Mode of Action: Nervous system – Glutamate Receptor Stimulator

Avermectin enhances the effect of glutamate in the glutamate-gated chloride channels found in insects. This results in an influx of chloride ions into the insect’s neurons. Chloride reduced nerve activity and excess amount of chloride in neurons results in paralysis of the invertebrate neuromuscular system. In other words, because avermectin opens the neurons to an influx of chloride ion it keeps nerve activity turned off. As mammals do not possess glutamate-gated chloride channels avermectins are considered non-toxic to them.

The most commonly used avermectins include ivermectin, piperazine, and dichlorovos. There has been resistance to avermectin reported so restrictions on its use have been advised. 

Cellular Poisons

Pyrrole: Mode of Action: Cellular Poison – Adenosine Triphosphate Disruption

Pyrroles are bioactivated by enzymes that are within insects and in toxic byproducts. These byproducts disrupt the production of adenosine triphosphate. This causes disruption of ATP within the mitochondria of the cell which results in cell death and ultimately death of the organism. The best known pyrrole insecticide is chlorfenapyr. It has been authorized for use by the EPA in 2001 in greenhouses on non-food crops. By 2005 the EPA had established residue limits for chlorfenapyr on all food commodities. In general pyrroles have a lower toxicity for mammals, however in 2016; a report found that 31 people had died in Pakistan due to food being spiked with chlorfenapyr. 

Amidinohydrazone

Mode of Action: Cellular poison – Mitochondrial Disruptor

Amidinohydrazone attacks the mitochondria within the cells. Insect poisoned with this class of insecticide exhibit a limp paralysis. As the mitochondria created the energy needed for normal bodily functions, poisoned insects lose more and more energy until, ultimately, they die. One of the most commonly used insecticides of this class has the active ingredient hydramethylnon. 

Muscular Poisons

Diamide: Mode of Action: Cellular Poison – Calcium Channel Stimulator

Diamide targets the calcium channels within muscles, causing uncontrolled calcium release. Calcium causes muscle contraction. Insect poisoned with diamide exhibit “contractile” paralysis in the early stage of exposure and then symptoms that are very similar to inhibitory neurotoxins at later stages. Insects have a much higher sensitivity to diamide than mammals; as a result this chemical is considered low toxicity to humans. 

Miscellaneous Pesticides

Rodenticides

There are a number of rodenticides that are termed as anticoagulants in nature. As their name implies, when a rodent (or human, for that matter) receives significant exposure to these chemicals (mainly orally) the ability of the blood to clot is reduced. In addition these chemicals also cause capillaries in the body to break. The liver (in rodents and humans) normally produces enzyme that allows our bodies to recycle Vitamin K. Vitamin K is required to minimize blood clotting agents that protect mammals from excessive bleeding. Anticoagulant pesticides basically prevent this enzyme from properly functioning. Of course, Vitamin K is stored in the body, but with excessive exposure to an anticoagulant, internal bleeding will result. There is an antidote to anticoagulant poisoning, namely Vitamin K.

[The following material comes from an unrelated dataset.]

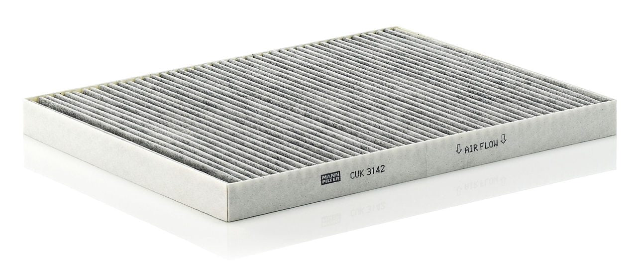 High-quality MANN-FILTER cabin filters with active carbon - nearly 100% protection from particles like pollen, diesel soot & tyre abrasion / Additional protection from harmful gases & unpleasant odour. The trated highly-effective activated carbon gives protection against harmful gases such as ozone, nitrogen oxide or sulphur dioxide and eliminates unpleasant odours during the entire service interval.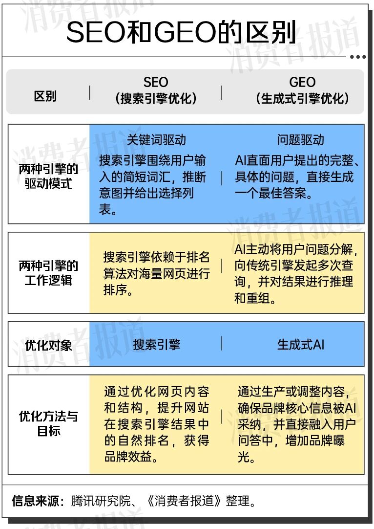 对于GEO服务的发展,弯弓研究院长梅波曾公开表示,GEO是一个超千亿的新兴市场机会。腾讯研究院研究认为,AI时代,营销越来越品牌化。GEO的效果更偏向于品牌层面,它最直接的反馈是在AI的回答中提升品牌的可见性。

These pesticides can create a risk for accidental poisonings to a degree. They are specifically designed to kill mammals and as a result often their toxicity frequently is very similar for the target rodents and humans. In addition rodents commonly share the same environments with humans and other mammals; as a result the risk of accidental exposure is a considerable issue when placing of baits for the rodents.

There are 2 active ingredients of the indandione family of rodenticides, namely chlorophacinone and diphacinone. The indandiones are not only anticoagulants, but they also uncouple oxidative phosphorylation (energy generation) in mammals. Both of these active ingredients are sold as general restricted-use products on the market. Chlorophacinone tends to be formulated as a low percentage ready-use-product and has the signal word “CAUTION” on the label whereas some of their restricted products carry the signal words “WARNING” on their labels.

Both products are classified as restricted because the EPA considers them to be high in acute oral toxicity.

Tests indicate that diphacinone is not mutagenic, and there are no data currently available on its reproductive, growth retardation, delayed mental development, and cancer producing effects. Studies with cattle indicate a high tolerance to diphacinone; it is used in Latin America for controlling vampire bats preying on cattle.

Courmarin and Indandiones

Ecologically, the main concern with the rodenticides, coumarins and indandiones, is secondary poisoning. Mortality is a likely result in wildlife that feed on rodents that have ingested these compounds (secondary poisoning).

Zinc Phosphide
 
Zinc phosphide reacts with atmospheric moisture to slowly release phosphine (not phosgene), a toxic and flammable gas with an odor similar to garlic or onions. When formulated as grain bait and exposed to normal atmospheric conditions the gas that is produced presents little hazard. However when exposed to acidic conditions (as in the stomach) the gas is released quickly accounting for the toxic nature of the chemical. Although zinc phosphide baits have a strong pungent odor this seems to attract rodents, especially rats, and apparently makes the bait unattractive to some other animals. Zinc phosphide baits are typically grey in coloration.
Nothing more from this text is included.